▶ Directions
Return exactly the lines of the entries that start at the line containing "Zapatilla para dama" and continue to the last line. Omit the pictures.

▶ Data for review
=======
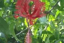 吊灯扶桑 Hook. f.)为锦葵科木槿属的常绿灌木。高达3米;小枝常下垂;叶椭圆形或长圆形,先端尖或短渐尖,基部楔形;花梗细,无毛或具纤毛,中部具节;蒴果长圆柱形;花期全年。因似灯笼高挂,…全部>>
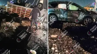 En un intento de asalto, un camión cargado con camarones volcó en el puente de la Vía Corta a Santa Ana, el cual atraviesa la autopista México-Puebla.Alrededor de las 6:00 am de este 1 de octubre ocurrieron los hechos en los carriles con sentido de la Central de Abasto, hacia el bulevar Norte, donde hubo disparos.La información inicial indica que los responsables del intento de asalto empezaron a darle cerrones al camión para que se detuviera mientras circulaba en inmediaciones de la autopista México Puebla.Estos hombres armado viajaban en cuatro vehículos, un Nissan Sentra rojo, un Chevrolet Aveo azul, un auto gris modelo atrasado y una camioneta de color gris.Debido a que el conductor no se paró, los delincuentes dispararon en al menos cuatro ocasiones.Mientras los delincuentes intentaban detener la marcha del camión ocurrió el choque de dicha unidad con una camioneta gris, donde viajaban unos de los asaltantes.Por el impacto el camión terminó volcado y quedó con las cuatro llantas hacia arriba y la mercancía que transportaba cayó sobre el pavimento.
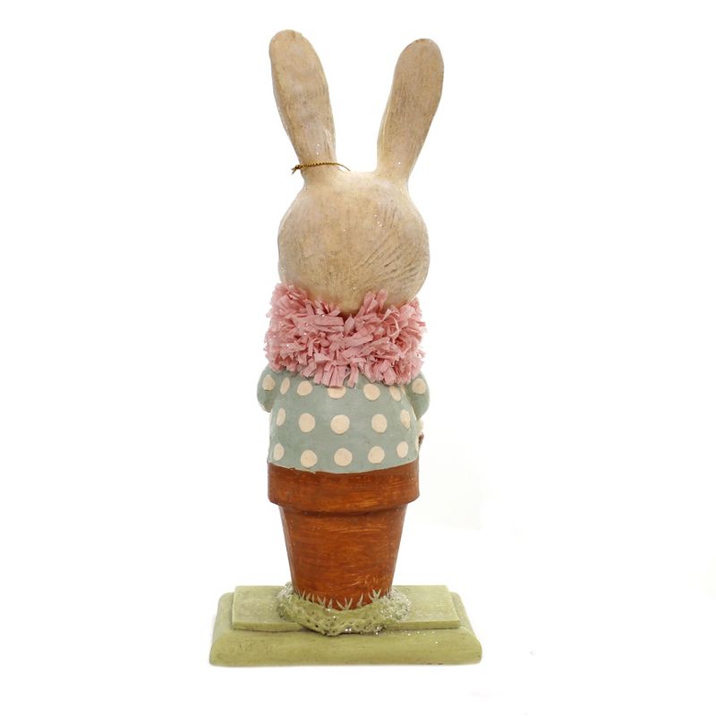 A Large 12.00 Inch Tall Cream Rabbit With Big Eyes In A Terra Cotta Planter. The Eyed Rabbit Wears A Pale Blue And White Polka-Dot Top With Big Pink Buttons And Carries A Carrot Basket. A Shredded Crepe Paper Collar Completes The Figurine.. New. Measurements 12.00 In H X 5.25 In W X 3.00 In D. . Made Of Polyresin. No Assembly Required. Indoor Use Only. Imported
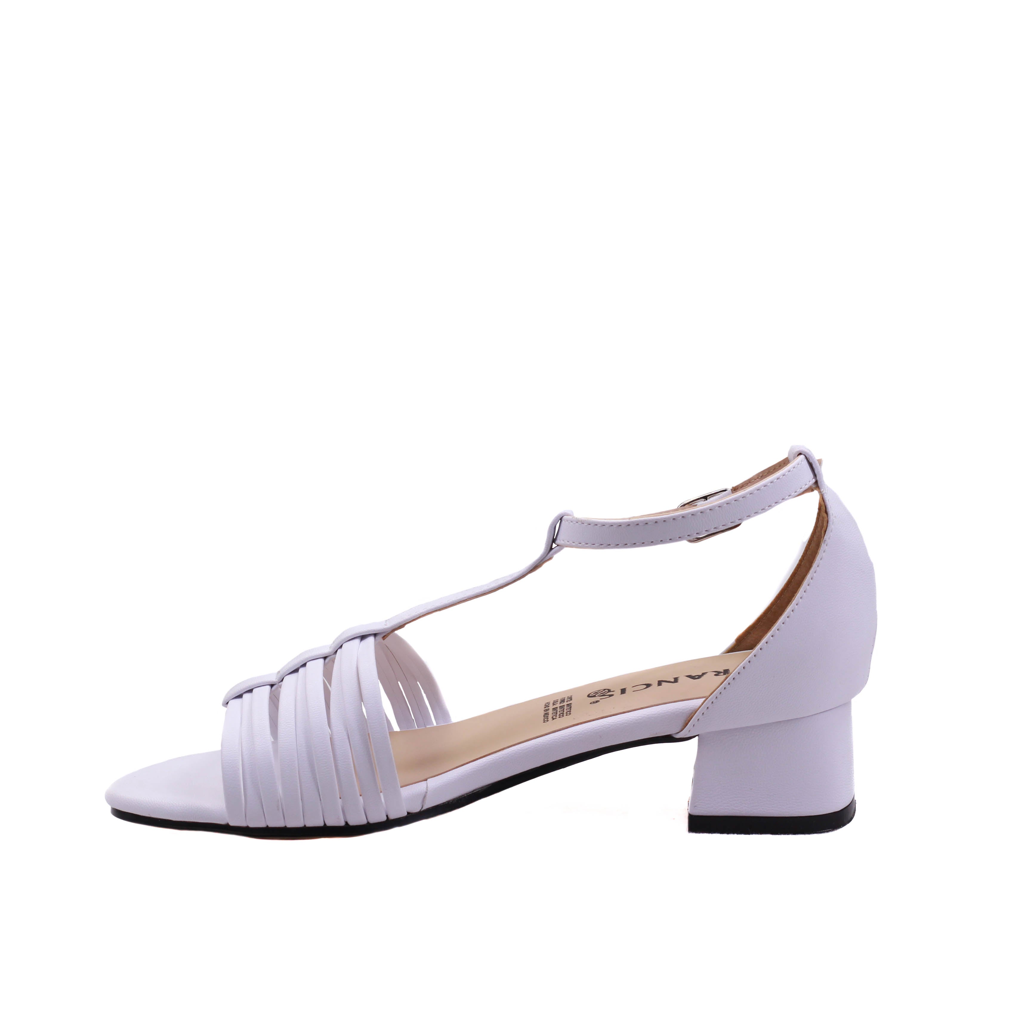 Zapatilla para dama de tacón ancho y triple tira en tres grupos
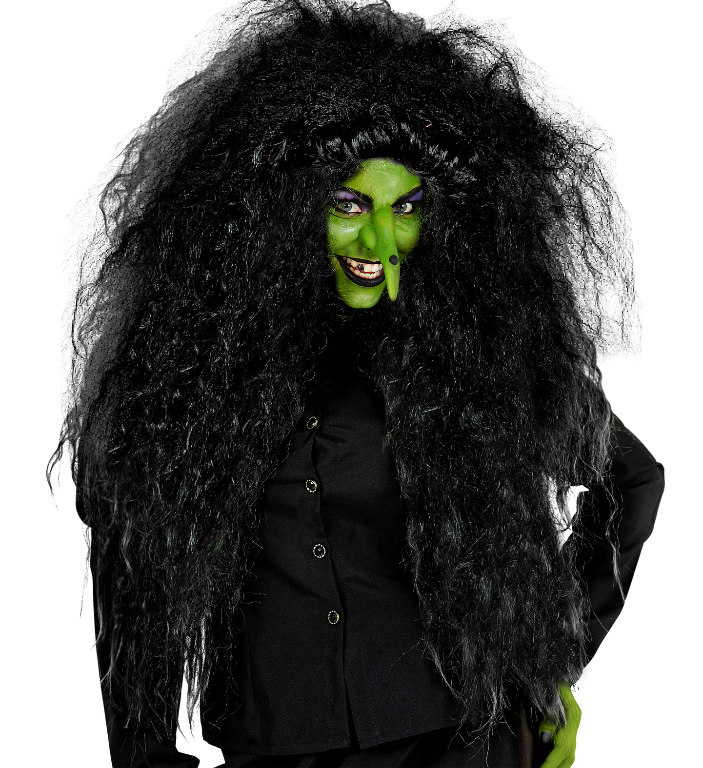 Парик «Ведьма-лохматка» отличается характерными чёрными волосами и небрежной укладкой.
=======
▶ Expected answer
 Zapatilla para dama de tacón ancho y triple tira en tres grupos
 Парик «Ведьма-лохматка» отличается характерными чёрными волосами и небрежной укладкой.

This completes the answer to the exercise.